2. Materials and Methods
2.1. Viruses and cell lines
MNV-1 was received as a gift from Dr. Skip Virgin (Washington Univ., St Louis, MO) and
host RAW 264.7 cells were obtained from the University of Tennessee at Knoxville (UTK). HAV
(strain HM175) and fetal rhesus monkey kidney (FRhK4) cells were obtained from our
collaborator, Dr. Kalmia Kniel (University of Delaware). AiV was kindly provided by Dr. David
Kingsley (USDA ARS, Delaware) and Vero cells were used as their host.
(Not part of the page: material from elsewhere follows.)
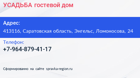 УСАДЬБА, гостевой дом по адресу 413116, Саратовская область, Энгельс, Ломоносова, 24 в дальнейшем Организация, размещена в следующих категориях:

2.2. Propagation of viruses
FRhK4 cells and RAW 264.7 cells were grown in Dulbecco’s Modified Eagle’s Medium
(DMEM; HyClone Laboratories, Logan, UT) supplemented with 10% heat inactivated fetal bovine
serum (FBS; HyClone Laboratories, Logan, UT) and 1% Anti-Anti (Antibiotic-Antimycotic,
Invitrogen, Grand Island, NY). Vero cells were grown in DMEM with 2% FBS and 1% Anti-Anti
2 and incubated in an atmosphere containing 5% CO2 at 37⁰C in 175 cm flasks as described earlier
(Su et al., 2010a; Fino and Kneil, 2008). Viral stocks of HAV, MNV-1 and AiV for the study were
made by inoculating HAV, MNV-1 and AiV stocks onto monolayers of host FRhK4, RAW 264.7
and Vero cells, respectively and incubation under 5% CO2 until >90% cell lysis. The viral
suspensions obtained were freeze-thawed and centrifuged for 10 min at 5000 x g. The supernatants
were then filtered through 0.2 µm membrane filters, aliquoted and stored at -80oC until use as
described earlier (Su et al., 2010a).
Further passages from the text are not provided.